Valleyfield remembers mining tragedy 75 years on

Valleyfield memorial statue to the men who died in one of Scotland's worst mining disasters.

Valleyfield memorial statue to the men who died in one of Scotland’s worst mining disasters.

By Paul Hyland

The 75th anniversary of one of Scotland’s worst mining disasters was marked today in the Fife village where it happened.

An explosion in the Valleyfield Colliery in East Fife on 28 October 1939 killed 35 men after gas caught light and set fire to coal dust.

A presentation was held in the village community centre today where old photographs and slides from the time were shown.

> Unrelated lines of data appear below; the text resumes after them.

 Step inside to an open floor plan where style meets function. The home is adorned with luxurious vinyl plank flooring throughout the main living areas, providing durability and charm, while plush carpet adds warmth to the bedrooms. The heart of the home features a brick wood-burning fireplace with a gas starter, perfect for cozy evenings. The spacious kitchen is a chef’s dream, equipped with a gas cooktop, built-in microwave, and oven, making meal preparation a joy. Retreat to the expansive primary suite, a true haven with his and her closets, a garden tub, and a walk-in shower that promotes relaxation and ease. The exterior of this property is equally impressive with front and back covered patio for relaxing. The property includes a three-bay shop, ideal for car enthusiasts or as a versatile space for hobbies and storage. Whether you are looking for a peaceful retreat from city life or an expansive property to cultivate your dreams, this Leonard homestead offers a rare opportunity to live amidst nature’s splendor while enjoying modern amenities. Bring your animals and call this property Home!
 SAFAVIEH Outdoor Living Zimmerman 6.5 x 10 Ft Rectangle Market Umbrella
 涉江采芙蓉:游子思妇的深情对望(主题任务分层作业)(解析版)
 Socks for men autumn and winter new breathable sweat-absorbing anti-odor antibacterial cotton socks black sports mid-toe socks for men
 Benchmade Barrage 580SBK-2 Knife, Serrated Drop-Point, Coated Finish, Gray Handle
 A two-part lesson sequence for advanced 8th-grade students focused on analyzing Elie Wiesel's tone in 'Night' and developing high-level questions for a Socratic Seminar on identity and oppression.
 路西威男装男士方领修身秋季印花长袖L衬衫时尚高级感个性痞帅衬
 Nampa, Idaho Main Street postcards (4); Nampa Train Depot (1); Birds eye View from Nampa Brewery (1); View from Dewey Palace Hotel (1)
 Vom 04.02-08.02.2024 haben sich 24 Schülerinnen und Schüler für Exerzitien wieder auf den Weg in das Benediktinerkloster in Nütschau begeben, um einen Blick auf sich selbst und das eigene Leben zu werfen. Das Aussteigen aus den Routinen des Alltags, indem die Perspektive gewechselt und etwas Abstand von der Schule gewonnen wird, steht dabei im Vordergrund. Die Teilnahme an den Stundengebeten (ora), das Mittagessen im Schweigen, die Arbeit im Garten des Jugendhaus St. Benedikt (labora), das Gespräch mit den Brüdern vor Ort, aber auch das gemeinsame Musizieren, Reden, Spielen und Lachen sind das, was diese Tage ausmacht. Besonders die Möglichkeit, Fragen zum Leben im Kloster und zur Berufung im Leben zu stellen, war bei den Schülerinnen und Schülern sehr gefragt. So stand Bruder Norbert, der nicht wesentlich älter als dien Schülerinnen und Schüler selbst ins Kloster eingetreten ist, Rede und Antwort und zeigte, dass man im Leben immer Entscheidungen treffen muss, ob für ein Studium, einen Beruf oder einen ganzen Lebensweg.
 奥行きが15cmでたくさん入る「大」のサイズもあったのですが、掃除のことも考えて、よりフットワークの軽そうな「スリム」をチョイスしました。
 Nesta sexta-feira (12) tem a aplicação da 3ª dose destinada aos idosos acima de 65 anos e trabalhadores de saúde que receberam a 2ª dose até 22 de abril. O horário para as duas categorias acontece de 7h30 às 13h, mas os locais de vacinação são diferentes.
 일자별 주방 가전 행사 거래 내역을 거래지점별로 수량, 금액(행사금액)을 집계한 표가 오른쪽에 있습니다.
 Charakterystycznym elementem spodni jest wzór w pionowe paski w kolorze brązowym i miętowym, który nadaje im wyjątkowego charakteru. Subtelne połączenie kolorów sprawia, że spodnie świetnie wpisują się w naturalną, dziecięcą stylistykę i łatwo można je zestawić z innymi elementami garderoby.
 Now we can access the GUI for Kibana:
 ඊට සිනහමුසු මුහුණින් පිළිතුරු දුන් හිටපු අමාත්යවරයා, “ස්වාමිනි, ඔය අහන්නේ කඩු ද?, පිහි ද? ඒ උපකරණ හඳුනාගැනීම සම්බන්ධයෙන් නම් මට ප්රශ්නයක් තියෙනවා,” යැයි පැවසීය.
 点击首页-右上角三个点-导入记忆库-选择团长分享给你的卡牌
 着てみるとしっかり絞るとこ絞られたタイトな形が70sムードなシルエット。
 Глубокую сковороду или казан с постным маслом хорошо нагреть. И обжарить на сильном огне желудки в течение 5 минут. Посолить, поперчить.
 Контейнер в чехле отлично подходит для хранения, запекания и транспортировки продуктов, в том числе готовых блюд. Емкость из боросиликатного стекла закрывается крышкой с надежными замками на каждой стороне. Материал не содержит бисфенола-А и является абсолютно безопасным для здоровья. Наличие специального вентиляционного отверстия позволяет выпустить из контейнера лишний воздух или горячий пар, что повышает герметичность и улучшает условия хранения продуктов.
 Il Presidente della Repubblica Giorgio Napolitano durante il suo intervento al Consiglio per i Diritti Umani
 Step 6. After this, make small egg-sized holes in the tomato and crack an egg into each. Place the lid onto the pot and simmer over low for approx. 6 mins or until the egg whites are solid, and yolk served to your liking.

Robert McKenzie, a member of the Valleyfield Mining Disaster Project Group, who organised the event, described the impact of the explosion at the time.

“It was a huge impact on the village,” he said. “There was something like 19 or 20 families bereaved and sometimes it could be maybe two people, a father and a son, a grandfather and a son, that were killed in the disaster, or the one next door could be a relation to the one that was killed.”

The miners were in the middle of a night shift when the blast happened at 3.45am. The force of the explosion was likened to an earthquake by locals at the time.

A wreath-laying ceremony was also held on Sunday at 2pm at a statue in the village commemorating the disaster. It was attended by MSPs, councillors and other dignitaries.